— Ты думаешь…
Клим вдруг испугался ее гнева, он плохо понимал, что она говорит, и хотел только одного: остановить поток ее слов, все более резких и бессвязных. Она уперлась пальцем в лоб его, заставила поднять голову и, глядя в глаза, спросила:
— Неужели ты серьезно думаешь, что я… что мы с Макаровым в таких отношениях? И не понимаешь, что я не хочу этого… что из-за этого он и стрелял в себя? Не понимаешь?
Клим чувствовал на коже лба своего острый толчок пальца девушки, и ему казалось, что впервые за всю свою жизнь он испытывает такое оскорбление. Говорила Лидия что-то глупенькое и детское, но вела себя, как взрослая, как дама. Он смотрел в ее серьезное лицо, в печальные глаза, ему хотелось сказать ей очень злые слова, но они не сползали с языка. Так, молча, он и ушел к себе, а там, чувствуя горькую сухость во рту и бессвязный шум злых слов в голове, встал у окна, глядя, как ветер обрывает листья с деревьев. В стекле он видел отражение своего лица, и, хотя черты расплылись, оно все-таки напоминало сухое и важное лицо матери.
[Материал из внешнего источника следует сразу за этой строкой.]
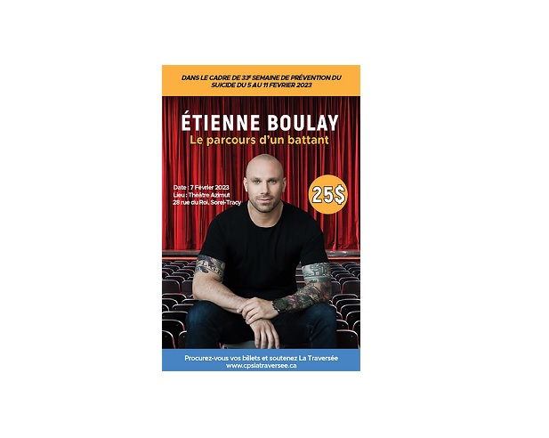 Dans le cadre de la Semaine de prévention du suicide, La Traversée nous convie, mardi soir, 18h, au Marché des arts Desjardins, à une conférence d’Étienne Boulay. Ce n’est pas sur le terrain qu’Étienne Boulay livrera sa plus grande bataille. Aux prises avec les effets secondaires de ses commotions cérébrales, un divorce difficile et de graves problèmes de consommation qu’il cache à son entourage et sa famille, il vivra une période extrêmement sombre et fera une tentative de suicide avant de se soumettre à sa troisième thérapie, qui lui permettra enfin de voir la lumière au bout du tunnel. Des billets pour la conférence d’Étienne Boulay seront toujours disponibles à la porte au coût de 25 $. On peut aussi s’en procurer sur le site WEB de La Traversée https://www.cpslatraversee.ca/

Со всей решимостью, на какую Клим был способен в этот момент, он спросил себя: что настоящее, невыдуманное в его чувствах к Лидии? Не без труда и не скоро он распутал тугой клубок этих чувств: тоскливое ощущение утраты чего-то очень важного, острое недовольство собою, желание отомстить Лидии за обиду, половое любопытство к ней и рядом со всем этим напряженное желание убедить девушку в его значительности, а за всем этим явилась уверенность, что в конце концов он любит Лидию настоящей любовью, именно той, о которой пишут стихами и прозой и в которой нет ничего мальчишеского, смешного, выдуманного.
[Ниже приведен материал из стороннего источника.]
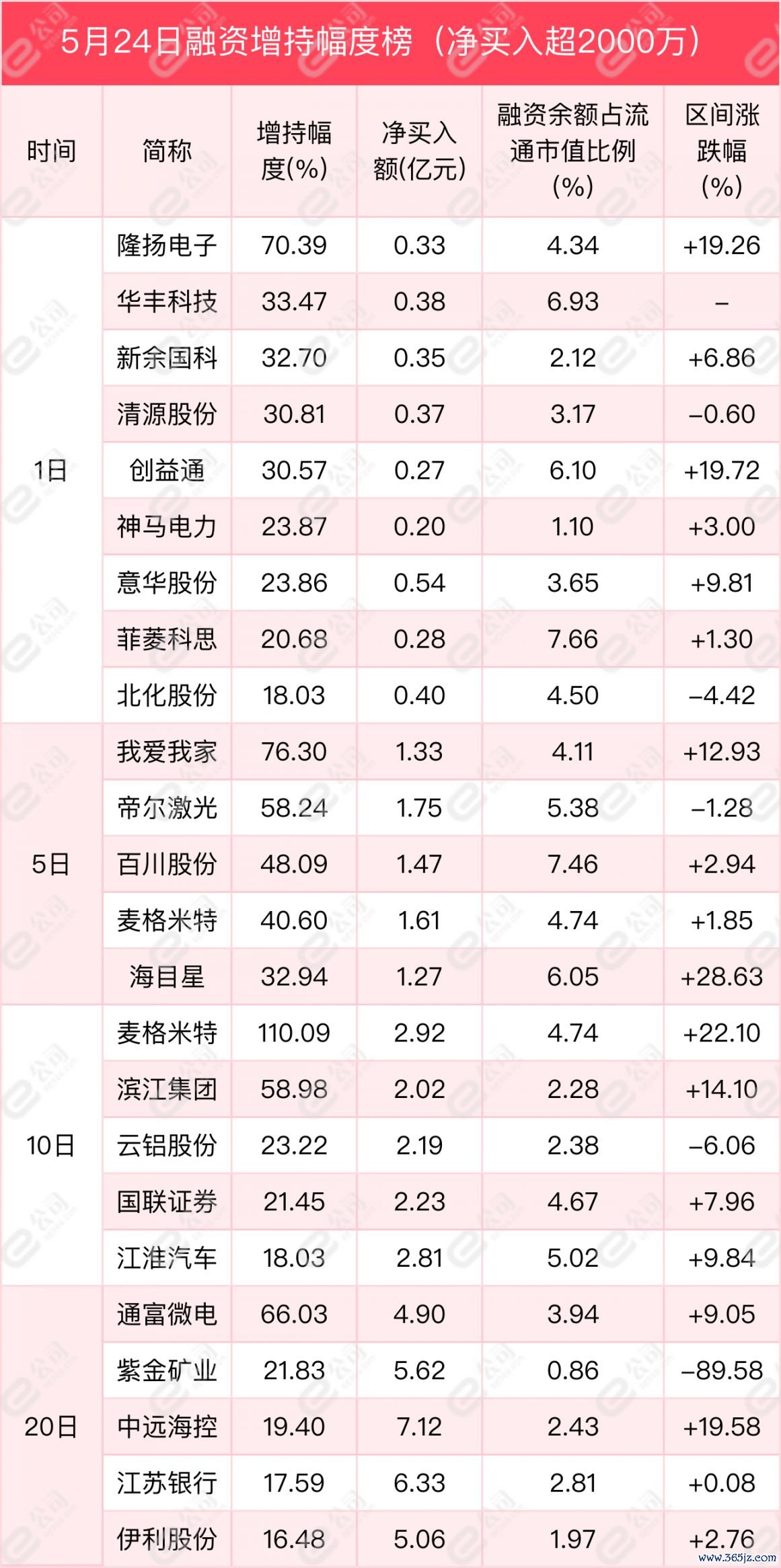 从增减持幅度来看,单日净买卖超2000万元以上的个股中,隆扬电子、华丰科技、新余国科获融资增持幅度居前,分别为70.39%、33.47%、32.7%。

Он облегченно вздохнул, продолжая размышлять: если б Лидия любила Макарова, она, из чувства благодарности, должна бы изменить свое высокомерное отношение к человеку, который спас жизнь ее возлюбленного. Но он не слышал от нее ни слова благодарности. Это — странно. Сегодня она сказала нечто непонятное: Макаров стрелялся из страха пред любовью, так надо понять ее слова. Но вернее, что этот страх живет в самой Лидии. Клим быстро вспомнил ряд признаков, которые убедили его, что это так и есть: Лидия боится любви, она привила свой страх Макарову и поэтому виновна в том, что заставила человека покуситься на жизнь свою. Додуматься до этого было приятно; просмотрев еще раз ход своих мыслей, Клим поднял голову и даже усмехнулся, что он — крепкий человек и умеет преодолевать неприятности быстро.
Он решил держаться с Лидией великодушно, как наиболее редкие и благородные герои романов, те, которые, любя, прощают все. Уже второй раз приходилось ему становиться в эту позицию. Но на этот раз он скоро понял, что такая роль делает его еще менее заметным в глазах Лидии. Рассматривая себя в зеркале, он видел, что лирическая, грустная мина делает его лицо незначительным. Он вообще был недоволен своим лицом, находя черты его мелкими, не отражающими всю сложность его души. Близорукость заставляла его щуриться, зрачки, сквозь стекла очков, казались неприятно расширенными. Не нравился нос, прямой и сухонький, он был недостаточно велик, губы — тонки, подбородок — излишне остр, усы росли двумя светлыми кустиками только на углах губ. Когда он хмурился, сдвигал негустые брови, лицо становилось интересней и умней. От лирической мины пришлось отказаться.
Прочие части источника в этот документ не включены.